EPF generally applies to establishments employing 20 or more persons (and to certain notified classes at a lower headcount). ESI generally applies to non-seasonal establishments employing 10 or more persons (20 in a few states for certain categories). Once an establishment is covered, it remains covered even if numbers later fall.

  • EPF wage ceiling: mandatory coverage applies to employees drawing up to ₹15,000 per month (basic + DA). Above this, coverage is at the employer’s option, subject to the scheme rules.
  • ESI wage ceiling: employees drawing up to ₹21,000 gross per month are covered (₹25,000 for employees with disability).

Contribution rates

The wage base and the split differ materially:

EPF ESI
Employee share 12% of basic + DA 0.75% of gross wages
Employer share 12% of basic + DA 3.25% of gross wages
Of employer’s 12% (EPF) 8.33% to EPS (pension, capped on ₹15,000), 3.67% to EPF

EPF also carries EDLI (life-insurance) and administrative charges on the employer. ESI is computed on gross wages, while EPF is computed on basic + dearness allowance. This single difference — gross vs basic — is where most calculation errors originate.

Filing and due dates

For EPF, the monthly Electronic Challan-cum-Return (ECR) is filed and contributions paid by the 15th of the following month. For ESI, contributions are likewise paid monthly by the 15th, with two defined contribution periods (April–September and October–March) that map to benefit periods. Every covered employee should have a UAN for EPF and an IP number for ESI.

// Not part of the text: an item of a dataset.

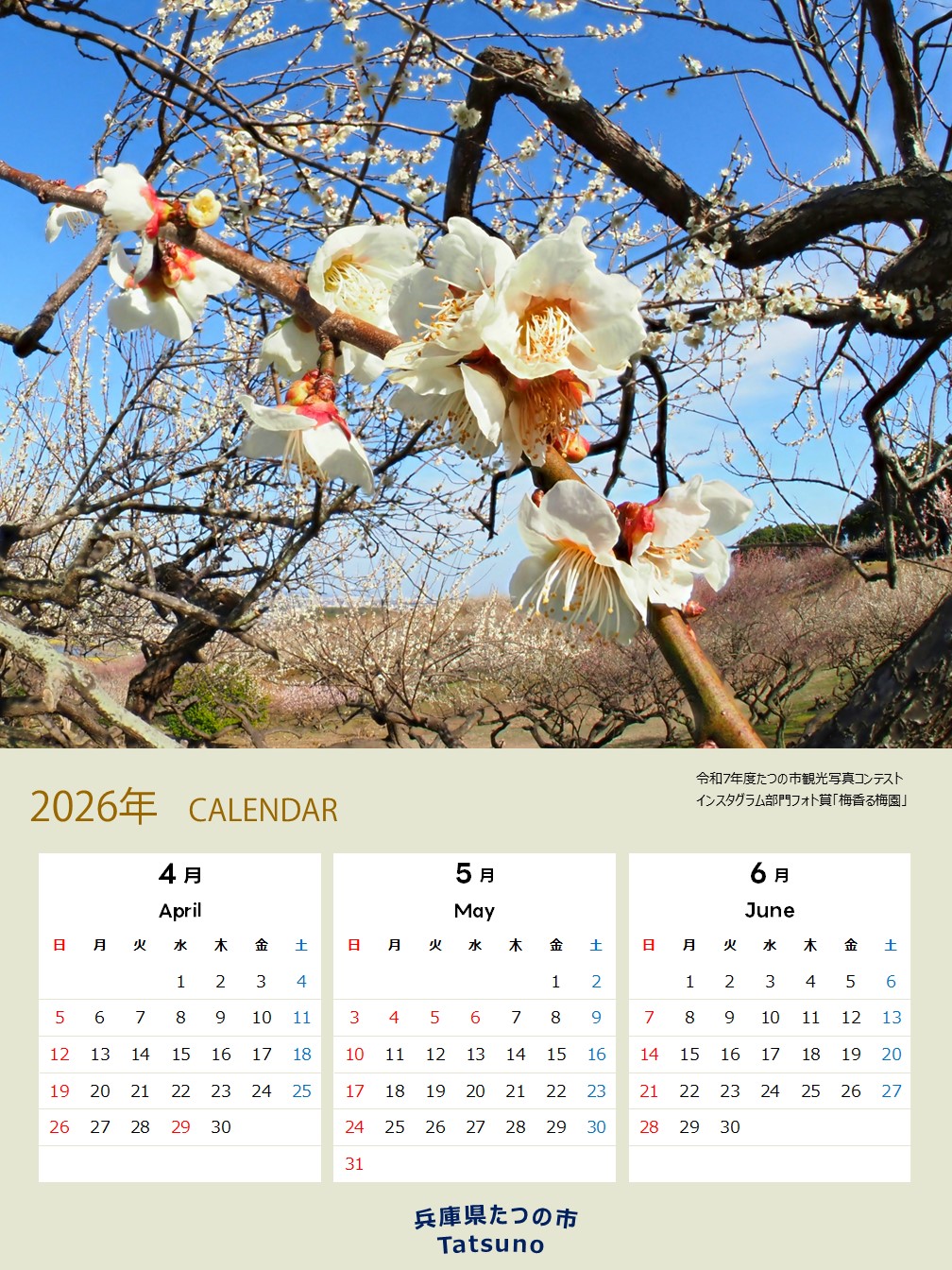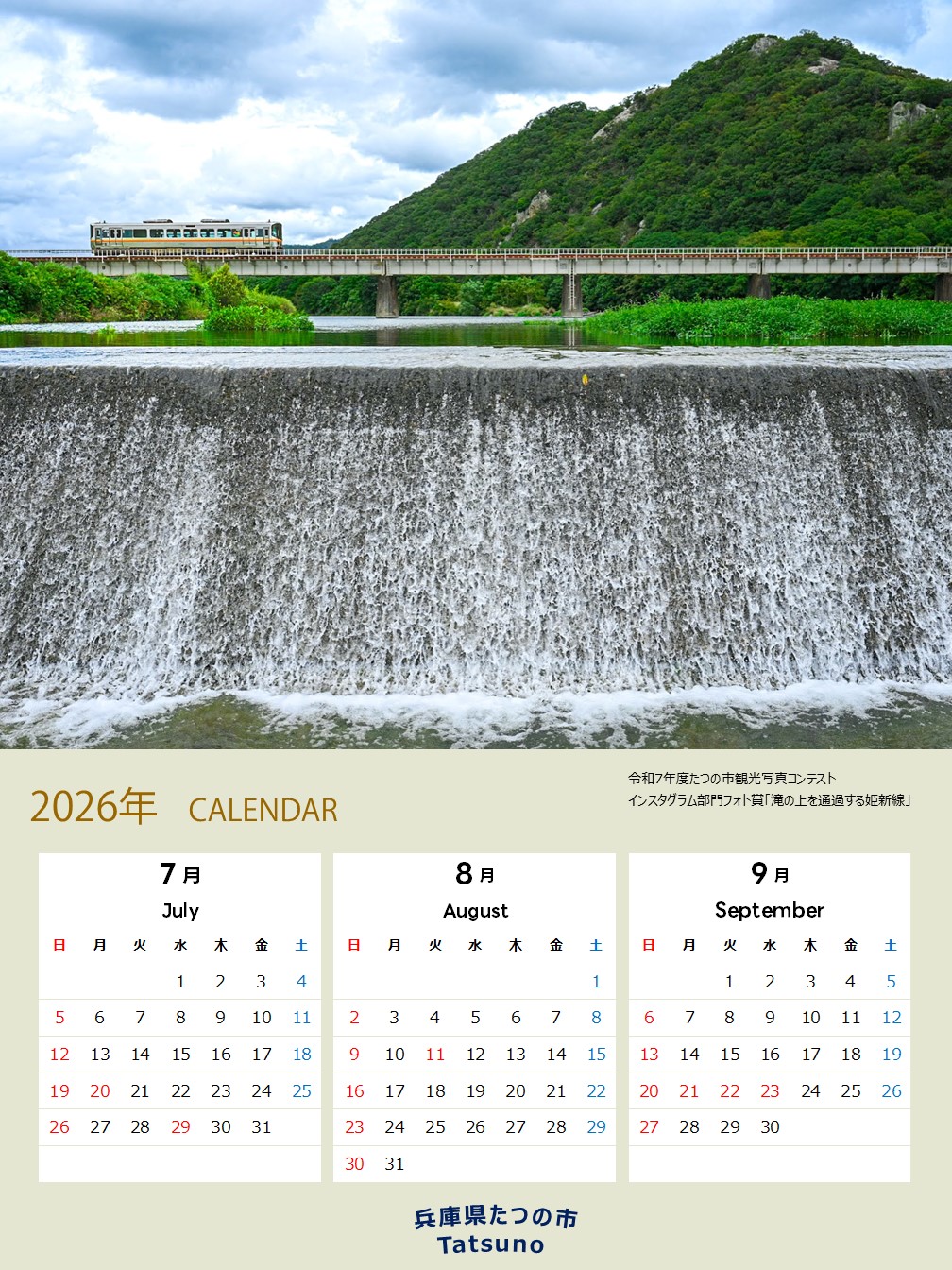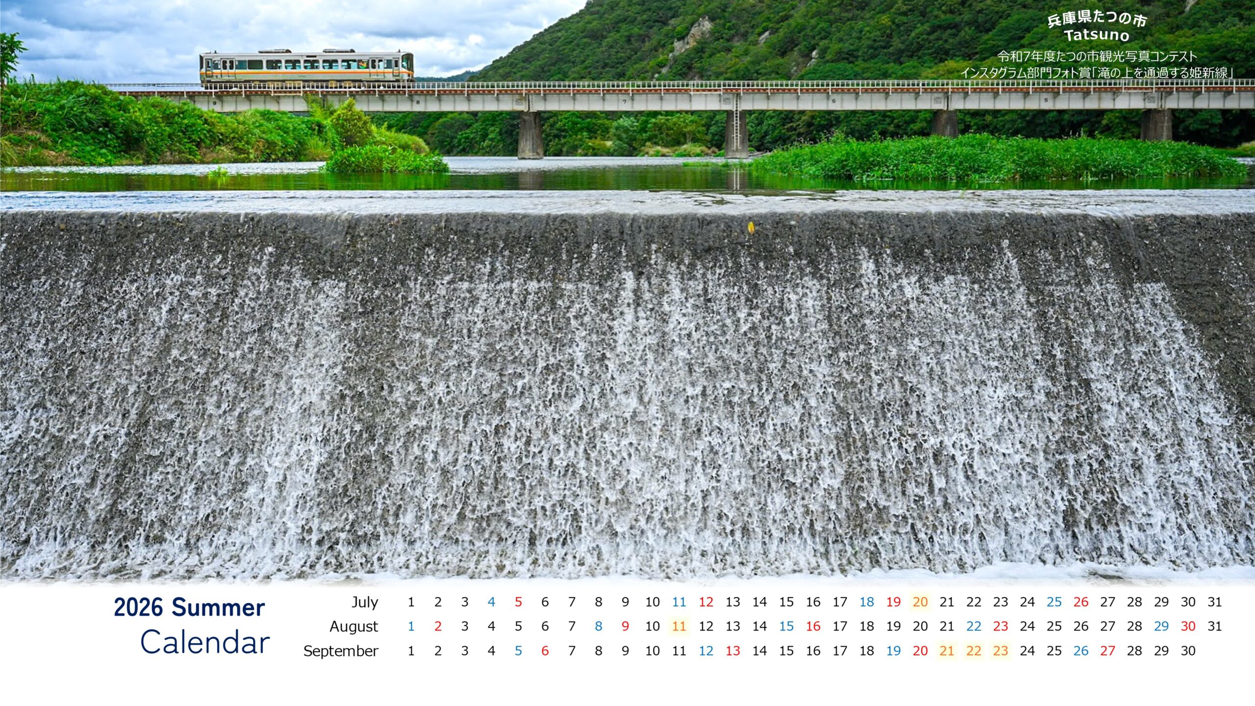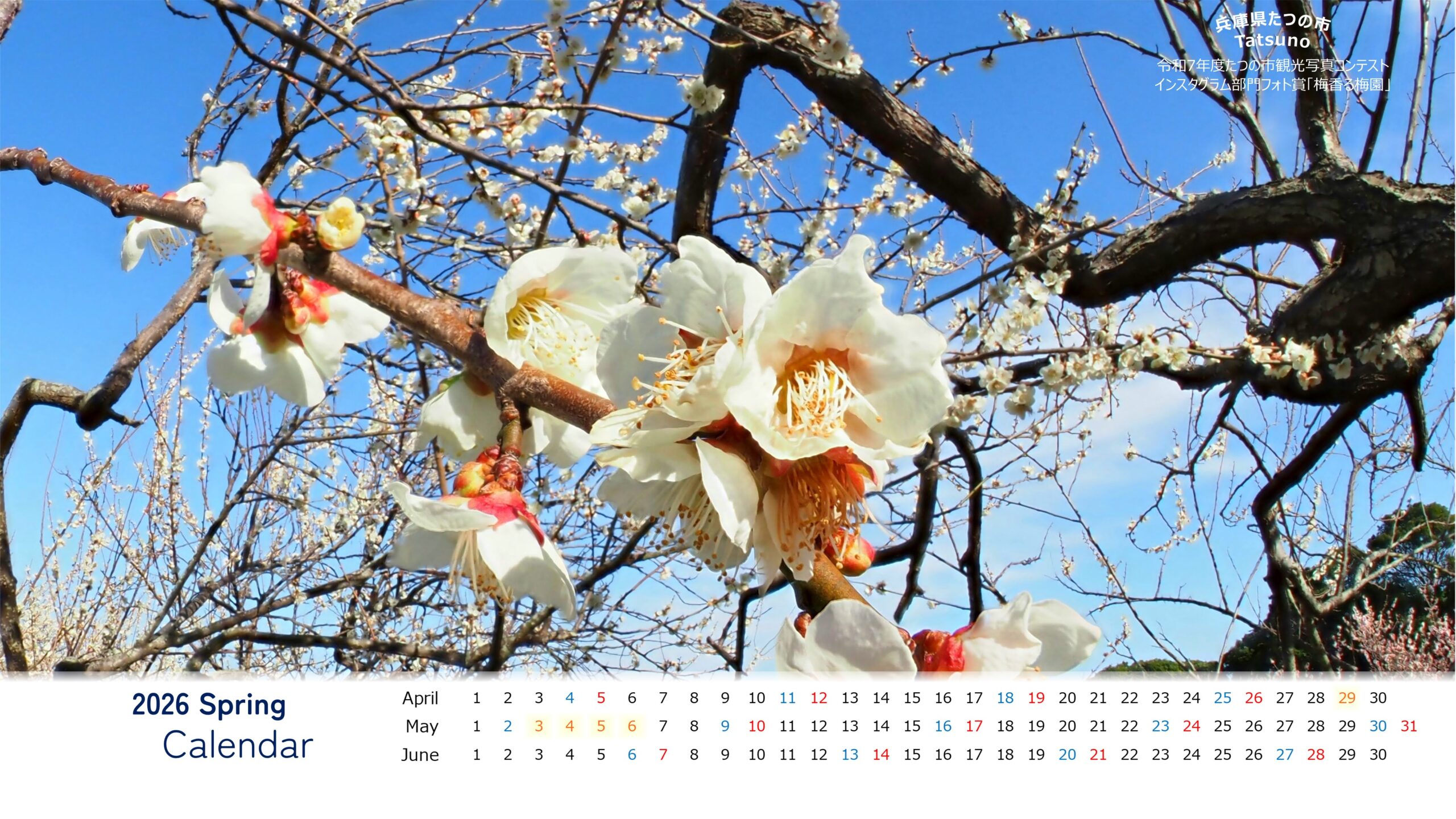 観光カレンダー&PC用デスクトップ壁紙の無料ダウンロード 令和7年度たつの市観光写真コンテストインスタグラム部門の入賞作品5点(グランプリ1点・フォト賞4点)を観光カレンダーとPC用デスクトップ壁紙にしました。ダウンロードしてご活用ください。 1 カレンダー 2026年間カレンダー 令和7年度たつの市観光写真コンテストインスタグラム部門グランプリ「コスモス畑の霧に煙る朝」【JPEG】【PDF】 2026年度カレンダー 令和7年度たつの市観光写真コンテストインスタグラム部門フォト賞「梅香る梅園」【JPEG】【PDF】 令和7年度たつの市観光写真コンテストインスタグラム部門フォト賞「滝の上を通過する姫新線」【JPEG】【PDF】 令和7年度たつの市観光写真コンテストインスタグラム部門フォト賞「新宮宮内遺跡、秋の彩り」【JPEG】【PDF】 令和7年度たつの市観光写真コンテストインスタグラム部門フォト賞「光の軌跡」【JPEG】【PDF】 2 PC用デスクトップ壁紙 2026年間カレンダー 令和7年度たつの市観光写真コンテストインスタグラム部門グランプリ「コスモス畑の霧に煙る朝」日曜始まり【JPEG】月曜始まり【JPEG】 2026年度カレンダー 令和7年度たつの市観光写真コンテストインスタグラム部門フォト賞「梅香る梅園」【JPEG】 令和7年度たつの市観光写真コンテストインスタグラム部門フォト賞「滝の上を通過する姫新線」【JPEG】 令和7年度たつの市観光写真コンテストインスタグラム部門フォト賞「新宮宮内遺跡、秋の彩り」【JPEG】 令和7年度たつの市観光写真コンテストインスタグラム部門フォト賞「光の軌跡」【JPEG】

Labour Codes status: India’s four Labour Codes were notified effective 21 November 2025, with the final Central Rules notified on 8 May 2026. They are in force but in a transition phase — several state rules and specific threshold notifications are still pending, and the existing Acts and schemes (EPF, ESI, Professional Tax and so on) continue to operate during the transition. Confirm the position applicable to your states before relying on either framework.

The 50% wages point worth planning for

Under the Code on Wages, the statutory definition of “wages” requires that excluded allowances not exceed 50% of total remuneration. As this takes operational effect, the wage base for PF, gratuity and similar computations rises for salary structures that are heavily allowance-loaded. Employers with such structures should model the impact now rather than discover it at the first inspection.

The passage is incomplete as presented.